Golda, le portrait de Golda Meir de Sagi Bornstein, Udi Nir et Shani Rozanes, plus succinct et plus critique, revient également sur des moments moins glorieux de la vie de celle qui n’aimait pas être appelée la grand-mère de son pays. Sa rencontre ratée en 1971 avec les Black Panthers du quartier de Musrara permet ainsi d’établir un lien avec le documentaire déjà cité sur les camps de transit. L’entreprise par l’équipe de production et la réalisatrice Anat Goren de faire de Dayan, the First Family (Dayan ha’Mischpaha ha’rishona) une étude familiale et généalogique qui la ferait ressembler à celle des Kennedy, rate en partie son effet car elle nous laisse en plan à la fin de 1967 bien avant la mort du général Moshe Dayan.
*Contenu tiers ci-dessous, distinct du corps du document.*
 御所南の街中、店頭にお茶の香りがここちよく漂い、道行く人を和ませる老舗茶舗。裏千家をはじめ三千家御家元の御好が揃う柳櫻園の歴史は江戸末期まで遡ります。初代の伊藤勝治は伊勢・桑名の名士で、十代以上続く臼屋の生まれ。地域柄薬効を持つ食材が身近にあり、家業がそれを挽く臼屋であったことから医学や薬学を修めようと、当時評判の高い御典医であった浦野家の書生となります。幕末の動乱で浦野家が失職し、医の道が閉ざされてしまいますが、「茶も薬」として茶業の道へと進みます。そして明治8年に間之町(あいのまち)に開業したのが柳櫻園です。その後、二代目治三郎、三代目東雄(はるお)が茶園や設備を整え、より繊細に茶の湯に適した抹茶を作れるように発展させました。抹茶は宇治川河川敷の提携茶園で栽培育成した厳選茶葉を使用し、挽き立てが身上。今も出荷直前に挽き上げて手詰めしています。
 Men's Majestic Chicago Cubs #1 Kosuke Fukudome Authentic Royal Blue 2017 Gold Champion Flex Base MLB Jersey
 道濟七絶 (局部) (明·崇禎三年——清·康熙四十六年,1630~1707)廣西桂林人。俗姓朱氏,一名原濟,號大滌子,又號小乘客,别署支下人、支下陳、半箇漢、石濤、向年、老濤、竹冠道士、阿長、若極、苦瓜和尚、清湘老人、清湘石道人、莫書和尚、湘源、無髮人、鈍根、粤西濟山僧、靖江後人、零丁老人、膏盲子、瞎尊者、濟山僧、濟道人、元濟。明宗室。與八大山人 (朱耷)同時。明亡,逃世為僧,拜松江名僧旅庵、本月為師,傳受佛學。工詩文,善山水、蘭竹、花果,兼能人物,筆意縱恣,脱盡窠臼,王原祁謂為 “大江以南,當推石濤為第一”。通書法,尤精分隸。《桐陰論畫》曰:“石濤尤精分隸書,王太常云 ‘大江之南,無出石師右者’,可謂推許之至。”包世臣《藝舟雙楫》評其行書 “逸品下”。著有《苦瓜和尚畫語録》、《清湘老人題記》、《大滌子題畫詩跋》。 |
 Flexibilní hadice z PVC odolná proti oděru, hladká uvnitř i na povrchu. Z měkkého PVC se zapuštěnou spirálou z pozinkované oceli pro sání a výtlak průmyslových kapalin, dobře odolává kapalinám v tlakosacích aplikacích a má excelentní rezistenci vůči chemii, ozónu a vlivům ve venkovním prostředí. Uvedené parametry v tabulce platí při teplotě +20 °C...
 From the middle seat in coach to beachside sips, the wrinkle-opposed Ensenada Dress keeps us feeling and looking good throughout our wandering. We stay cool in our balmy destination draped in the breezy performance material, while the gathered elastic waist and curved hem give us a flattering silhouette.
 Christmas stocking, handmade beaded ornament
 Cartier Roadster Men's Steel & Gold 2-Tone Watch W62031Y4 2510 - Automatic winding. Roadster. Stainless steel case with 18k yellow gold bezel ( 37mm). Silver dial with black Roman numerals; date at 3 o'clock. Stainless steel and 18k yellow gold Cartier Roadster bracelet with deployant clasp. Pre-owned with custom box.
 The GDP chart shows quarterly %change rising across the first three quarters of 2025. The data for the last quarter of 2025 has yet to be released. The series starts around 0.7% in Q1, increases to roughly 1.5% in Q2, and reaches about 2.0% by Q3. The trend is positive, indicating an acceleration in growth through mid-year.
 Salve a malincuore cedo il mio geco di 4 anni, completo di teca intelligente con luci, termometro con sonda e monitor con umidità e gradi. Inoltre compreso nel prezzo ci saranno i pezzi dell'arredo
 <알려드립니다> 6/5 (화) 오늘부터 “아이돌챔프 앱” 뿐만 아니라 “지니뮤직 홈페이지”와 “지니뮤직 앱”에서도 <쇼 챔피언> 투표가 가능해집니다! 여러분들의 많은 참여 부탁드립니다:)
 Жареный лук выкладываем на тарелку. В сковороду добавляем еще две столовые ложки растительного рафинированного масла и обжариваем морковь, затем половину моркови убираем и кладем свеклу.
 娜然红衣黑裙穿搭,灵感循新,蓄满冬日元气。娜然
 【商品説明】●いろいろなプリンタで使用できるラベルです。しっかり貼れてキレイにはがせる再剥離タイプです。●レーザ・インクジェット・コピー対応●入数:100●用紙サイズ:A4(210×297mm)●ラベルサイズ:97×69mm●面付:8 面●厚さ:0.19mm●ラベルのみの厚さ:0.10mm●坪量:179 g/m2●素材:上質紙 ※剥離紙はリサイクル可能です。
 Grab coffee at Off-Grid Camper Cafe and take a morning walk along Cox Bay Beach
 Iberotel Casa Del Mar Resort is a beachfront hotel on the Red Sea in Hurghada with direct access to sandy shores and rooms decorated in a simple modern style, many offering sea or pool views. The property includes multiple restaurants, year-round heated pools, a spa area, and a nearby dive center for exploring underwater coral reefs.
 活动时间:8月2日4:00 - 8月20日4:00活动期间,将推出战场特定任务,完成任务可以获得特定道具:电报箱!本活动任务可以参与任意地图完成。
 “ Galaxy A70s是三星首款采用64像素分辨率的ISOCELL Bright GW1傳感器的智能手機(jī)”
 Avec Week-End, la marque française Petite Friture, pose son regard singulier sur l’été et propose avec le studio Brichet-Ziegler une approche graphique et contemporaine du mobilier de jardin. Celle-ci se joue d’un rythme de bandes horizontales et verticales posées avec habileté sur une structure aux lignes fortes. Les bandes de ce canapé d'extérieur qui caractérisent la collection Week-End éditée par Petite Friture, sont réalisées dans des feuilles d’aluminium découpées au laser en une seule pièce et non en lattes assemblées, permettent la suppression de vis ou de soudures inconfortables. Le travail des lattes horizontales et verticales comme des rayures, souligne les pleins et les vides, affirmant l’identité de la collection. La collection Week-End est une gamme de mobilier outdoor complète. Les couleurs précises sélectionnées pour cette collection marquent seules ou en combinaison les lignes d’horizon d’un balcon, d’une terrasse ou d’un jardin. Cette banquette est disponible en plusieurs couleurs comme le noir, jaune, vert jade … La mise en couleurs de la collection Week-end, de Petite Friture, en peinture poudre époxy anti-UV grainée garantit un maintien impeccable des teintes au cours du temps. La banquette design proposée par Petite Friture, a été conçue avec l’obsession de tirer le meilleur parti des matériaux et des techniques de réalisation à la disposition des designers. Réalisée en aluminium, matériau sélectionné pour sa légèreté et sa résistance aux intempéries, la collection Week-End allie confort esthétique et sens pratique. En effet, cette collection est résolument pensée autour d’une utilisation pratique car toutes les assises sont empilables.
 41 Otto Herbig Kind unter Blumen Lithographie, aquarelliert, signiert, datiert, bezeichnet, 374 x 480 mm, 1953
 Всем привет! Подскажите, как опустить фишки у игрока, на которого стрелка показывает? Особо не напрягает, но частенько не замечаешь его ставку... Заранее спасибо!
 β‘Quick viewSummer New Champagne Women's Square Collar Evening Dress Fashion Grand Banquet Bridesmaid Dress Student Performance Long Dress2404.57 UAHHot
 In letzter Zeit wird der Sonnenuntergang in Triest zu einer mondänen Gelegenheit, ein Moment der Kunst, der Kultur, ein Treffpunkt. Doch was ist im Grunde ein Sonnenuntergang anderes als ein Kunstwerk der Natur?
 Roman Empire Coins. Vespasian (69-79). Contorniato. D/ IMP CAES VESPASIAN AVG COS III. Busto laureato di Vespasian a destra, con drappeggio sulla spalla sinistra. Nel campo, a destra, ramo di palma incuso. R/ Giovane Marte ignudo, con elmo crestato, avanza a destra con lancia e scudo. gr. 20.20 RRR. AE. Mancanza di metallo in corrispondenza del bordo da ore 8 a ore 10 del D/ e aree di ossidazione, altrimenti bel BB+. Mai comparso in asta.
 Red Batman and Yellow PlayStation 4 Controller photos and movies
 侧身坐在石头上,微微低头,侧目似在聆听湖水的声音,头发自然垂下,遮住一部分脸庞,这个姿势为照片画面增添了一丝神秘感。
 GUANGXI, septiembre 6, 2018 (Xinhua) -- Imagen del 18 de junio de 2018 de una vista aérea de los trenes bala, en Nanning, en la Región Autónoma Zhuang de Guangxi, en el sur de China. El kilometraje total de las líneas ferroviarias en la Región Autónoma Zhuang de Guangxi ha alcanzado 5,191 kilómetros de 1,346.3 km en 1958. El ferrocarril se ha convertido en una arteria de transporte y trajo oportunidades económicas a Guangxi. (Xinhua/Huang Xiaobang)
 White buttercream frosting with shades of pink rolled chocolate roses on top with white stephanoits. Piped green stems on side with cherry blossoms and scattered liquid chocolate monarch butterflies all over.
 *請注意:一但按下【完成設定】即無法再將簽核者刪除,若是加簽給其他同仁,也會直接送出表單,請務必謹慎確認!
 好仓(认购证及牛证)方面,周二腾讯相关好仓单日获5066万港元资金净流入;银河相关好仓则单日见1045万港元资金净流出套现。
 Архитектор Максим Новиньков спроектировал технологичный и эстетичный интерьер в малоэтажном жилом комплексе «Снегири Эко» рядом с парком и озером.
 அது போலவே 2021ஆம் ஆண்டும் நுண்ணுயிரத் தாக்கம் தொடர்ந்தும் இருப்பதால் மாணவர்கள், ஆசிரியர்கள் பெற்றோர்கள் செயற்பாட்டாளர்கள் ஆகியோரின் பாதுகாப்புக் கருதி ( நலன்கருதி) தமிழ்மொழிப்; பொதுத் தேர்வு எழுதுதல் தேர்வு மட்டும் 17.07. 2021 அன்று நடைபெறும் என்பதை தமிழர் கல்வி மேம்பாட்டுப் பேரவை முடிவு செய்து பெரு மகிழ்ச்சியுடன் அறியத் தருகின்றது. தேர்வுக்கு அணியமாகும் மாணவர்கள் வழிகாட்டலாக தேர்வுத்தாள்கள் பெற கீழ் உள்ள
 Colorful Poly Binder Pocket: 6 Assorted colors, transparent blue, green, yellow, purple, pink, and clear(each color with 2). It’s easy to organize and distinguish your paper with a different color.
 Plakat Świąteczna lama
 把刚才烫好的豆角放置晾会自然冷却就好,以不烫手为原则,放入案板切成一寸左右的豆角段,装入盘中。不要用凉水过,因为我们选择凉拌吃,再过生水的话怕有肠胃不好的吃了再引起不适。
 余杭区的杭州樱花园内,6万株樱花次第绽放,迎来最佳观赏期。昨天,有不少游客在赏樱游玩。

Les côtés casanovesques du militaire et ses relations compliqués avec ses enfants prennent alors plus d’importance aux côtés de son action militaire et politique plus connue et qui lui a amené une renommée internationale qu’il a d’ailleurs bien cultivée.

The Day After I’m Gone

Dans The Day After I’m Gone (Ha’Yom sheachrey lechti), Yoram, un vétérinaire a peu d’échanges avec sa fille adolescente Roni surtout depuis que la mère est morte. Le réalisateur Nimrod Eldar, après une première séquence où les cris de gens dans un manège d’une fête foraine s’associent aux lumières dans le noir, déroule par petites touches les rapports de ces deux personnes taiseuses qui trouveront à l’occasion d’un voyage nécessaire dans les collines près de la Mer morte un moyen pour renouer après ce deuil. Un premier long métrage où l’implication des deux acteurs principaux, Menashe Noy et Zohar Meidan, en mode retenue, amène les spectateurs plus facilement dans leur univers si distant de celui plus cacophonique de leur parentèle campagnarde. D’autres films dont certains plus anciens sont également disponibles en visionnement numérique dans ce festival qui donne cette année une part belle à l’hors-champ des manèges humains.